(DATA SUPPLIED Opens)

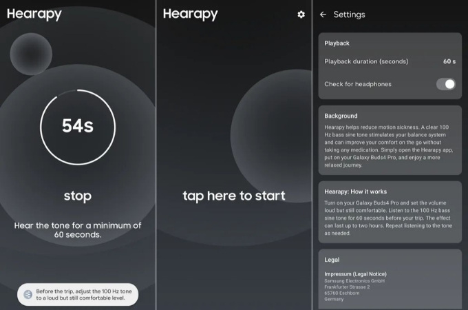 Hearapy là một ứng dụng di động hoàn toàn miễn phí được đội ngũ kỹ sư và chuyên gia tại Samsung phát triển dựa trên những nghiên cứu chuyên sâu về lĩnh vực âm thanh học và thần kinh học. Mục tiêu cốt lõi của phần mềm này là giúp người dùng giảm bớt các triệu chứng khó chịu như chóng mặt, buồn nôn và mệt mỏi phát sinh trong quá trình di chuyển bằng ô tô, tàu hỏa hoặc máy bay.
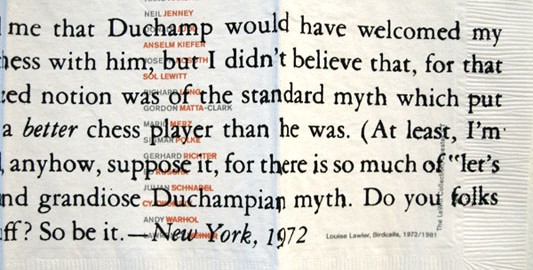 Clipping in the collection of Andrew Roth, bibliophile and occasional Duchamp curator, from his Spring 2010 exhibition of “textual interventions”
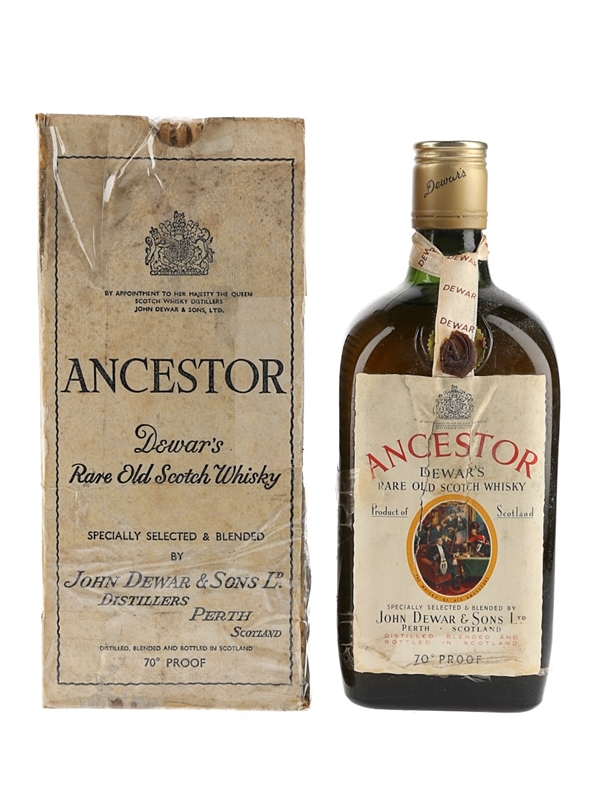 A bottle of Dewar's Ancestor Rare Old Scotch Whisky, specially selected and blended by John Dewar & Sons Ltd. We estimate this was bottled in the 1960s.
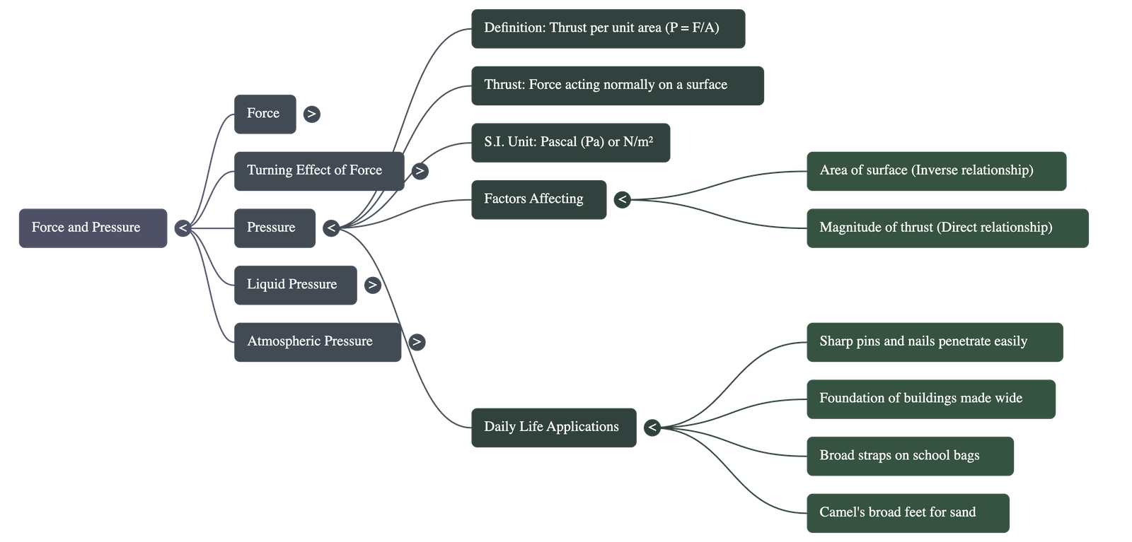 - Relationship with Area: For a constant thrust, pressure is inversely proportional to the area. This explains why sharp needles (small area) penetrate easily and why foundations of buildings are made wide (large area) to reduce pressure.
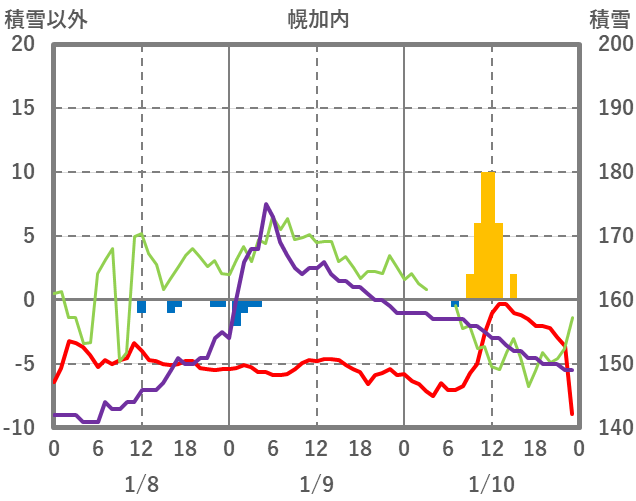 | 日 | 時 | 気温 | 降水 | 風向/風速 | 日照 | 積雪 | 降雪 |
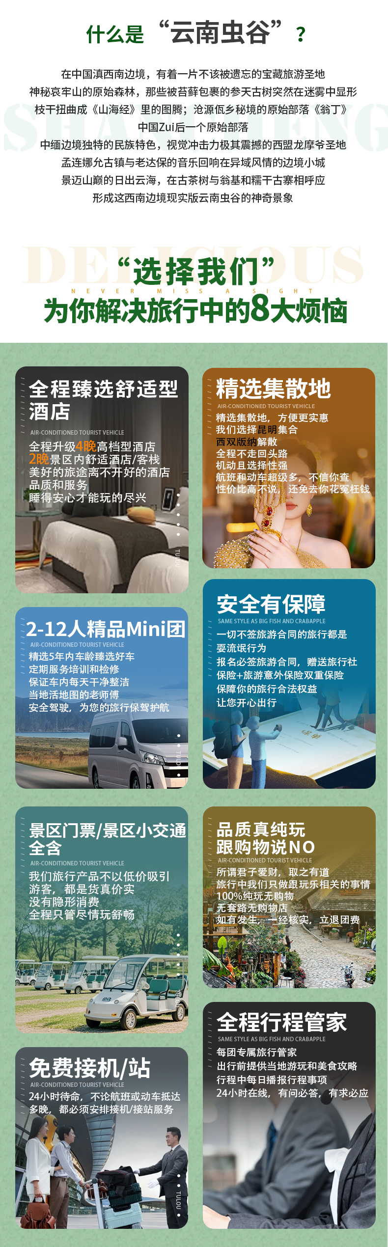 ▷交通:不包含各地抵达昆明集散的往返大交通费用(如:机票和高铁票等,提前预定通常折扣都会很低);
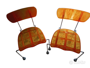 "Sedie ""Broadway"" di Gaetano Pesce, prodotte da Bernini, con quattro piedi rivestiti in gomma e poggianti su molle. Modello 543, creato nel 1993 per Bernini Raro set di 2 pezzi con colore arancione. Ottime condizioni, colori brillanti e nessuna crepa. Collezione completa originale composta da 2 sedie arancioni. Caratterizzate da piedini a molla per dondolarsi dolcemente in base alla postura di chi è seduto. Sedute e schienali realizzate in resina epossidica multicolore marmorizzata trasparente. Nessuna Broadway è uguale, solo pezzi unici. In produzione i colori si mescolavano con resina in modo casuale per creare cromatismi diversi. Fuori produzione. PEZZI DI RICAMBIO INCLUSI / Dimensioni: Altezza: 73,66 cm (29 in)Larghezza: 38,1 cm (15 in)Profondità: 43,18 cm (17 in)Altezza della seduta: 44,45 cm (17,5 in) ACCETTO OFFERTE SENSATE E DA PERSONE ESPERTE CHE SAPPIANO DI CHE ARTICOLI SI PARLA. altissimo Design PEZZI DI RICAMBIO SOLO SU RICHIESTA "

(DATA SUPPLIED Closes)

WHAT TO WORK ON: Leave the images out and transcribe the rest of the material exactly.

YOUR RESPONSE:
 Hearapy là một ứng dụng di động hoàn toàn miễn phí được đội ngũ kỹ sư và chuyên gia tại Samsung phát triển dựa trên những nghiên cứu chuyên sâu về lĩnh vực âm thanh học và thần kinh học. Mục tiêu cốt lõi của phần mềm này là giúp người dùng giảm bớt các triệu chứng khó chịu như chóng mặt, buồn nôn và mệt mỏi phát sinh trong quá trình di chuyển bằng ô tô, tàu hỏa hoặc máy bay.
 Clipping in the collection of Andrew Roth, bibliophile and occasional Duchamp curator, from his Spring 2010 exhibition of “textual interventions”
 A bottle of Dewar's Ancestor Rare Old Scotch Whisky, specially selected and blended by John Dewar & Sons Ltd. We estimate this was bottled in the 1960s.
 - Relationship with Area: For a constant thrust, pressure is inversely proportional to the area. This explains why sharp needles (small area) penetrate easily and why foundations of buildings are made wide (large area) to reduce pressure.
 | 日 | 時 | 気温 | 降水 | 風向/風速 | 日照 | 積雪 | 降雪 |
 ▷交通:不包含各地抵达昆明集散的往返大交通费用(如:机票和高铁票等,提前预定通常折扣都会很低);
 "Sedie ""Broadway"" di Gaetano Pesce, prodotte da Bernini, con quattro piedi rivestiti in gomma e poggianti su molle. Modello 543, creato nel 1993 per Bernini Raro set di 2 pezzi con colore arancione. Ottime condizioni, colori brillanti e nessuna crepa. Collezione completa originale composta da 2 sedie arancioni. Caratterizzate da piedini a molla per dondolarsi dolcemente in base alla postura di chi è seduto. Sedute e schienali realizzate in resina epossidica multicolore marmorizzata trasparente. Nessuna Broadway è uguale, solo pezzi unici. In produzione i colori si mescolavano con resina in modo casuale per creare cromatismi diversi. Fuori produzione. PEZZI DI RICAMBIO INCLUSI / Dimensioni: Altezza: 73,66 cm (29 in)Larghezza: 38,1 cm (15 in)Profondità: 43,18 cm (17 in)Altezza della seduta: 44,45 cm (17,5 in) ACCETTO OFFERTE SENSATE E DA PERSONE ESPERTE CHE SAPPIANO DI CHE ARTICOLI SI PARLA. altissimo Design PEZZI DI RICAMBIO SOLO SU RICHIESTA "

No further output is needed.